The eligibility worker will determine the individual's equity interest in the home. This should be based solely on the current market value of the home, minus any encumbrances such as mortgages or other loans that are secured by the home. Refer to MS. 3331.4 on determining equity value.
This provision permits an individual to take out a home equity loan or reverse mortgage to reduce the total equity interest in the home converting the equity into an otherwise countable resource. The amount received from the loan has now been converted to a countable resource (e.g. Cash).
If an individual received a home equity loan which was greater than the resource limit, then he/she would be ineligible to receive LTC until the resources are reduced. If the individual gives this money away, this would be considered as an uncompensated transfer and the penalty period will be determined.
Example #1: Mr. Smith is applying for nursing home assistance. He has equity in the amount of $501,000 which exceeds the $500,000 home equity limit. He then converted $1000 into cash. Mr. Smith reports no other resources. His home equity is now within the accepted limits and his resources are below $2000. He is now eligible for long term care.
Example #2: Mr. Jones, an LTC applicant, has equity in his home of $550,000. He obtains a home equity loan of $50,000 reducing his equity to $500,000. He now meets the home equity limit but is ineligible due to countable resources of $50,000.
This provision also allows the individual to file an Undue Hardship Waiver. An example of a request may be the individual makes an allegation that the home equity should not be counted because of a legal impediment to selling or transferring the home. This will not prevent a determination of the individual's equity interest. However this may be a legitimate reason for applying for an undue hardship waiver. Undue hardship waiver will be forwarded to OPPD, Medicaid Eligibility Unit, Slot S333 with all supporting documentation.
All annuities will be routed to OPPD, Medicaid Eligibility Unit, Slot S333 for submission to the Office of Chief Counsel for determination. Based on OCC's opinion, OPPD will inform the eligibility worker whether this is a resource or is to be treated as a disposal of assets for less than fair market value.

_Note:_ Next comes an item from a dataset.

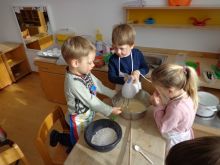 Beim gemeinsamen Kochen in den verschiedenen Gruppen dürfen bereits die Jüngsten mithelfen. Ob beim Schneiden, Rühren, Kneten- auch kleine Hände können...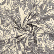 Bring elegance and versatility to your creations with this Heather Gray-Beige Floral Stripe Printed Stretch Jersey Knit Fabric. Made from a comfortable blend of 48% polyester, 37% cotton, 11% rayon, and 4% spandex, this fabric combines softness with excellent stretch.

If an applicant transfers assets while providing the appearance of a loan and documented as a promissory note, the funds will continue to be considered as an asset unless the following are met:
If less than one year of occupancy, the result would be in treatment as a transfer for less than fair market value and the penalty must be applied. The full amount of the purchase price will be considered as the uncompensated transfer.
If more than one year of occupancy, the eligibility worker will look at purchase price of the life estate to determine if the purchase price was for fair market value. If the person's life expectancy is less than the life estate purchased, this can be a basis to impose a transfer penalty.
This directive will be followed when processing any application pending on or taken on or after 10/1/06.
Remember:Asset transfers are dependent on the date of the transfer. See section II.A.1 for transfers prior to 2-8-06 Section II.A.2 for transfers after 2-8-06.
Medical Services Policy sections are being revised and will be issued within the next few months. This directive will remain in effect until that time.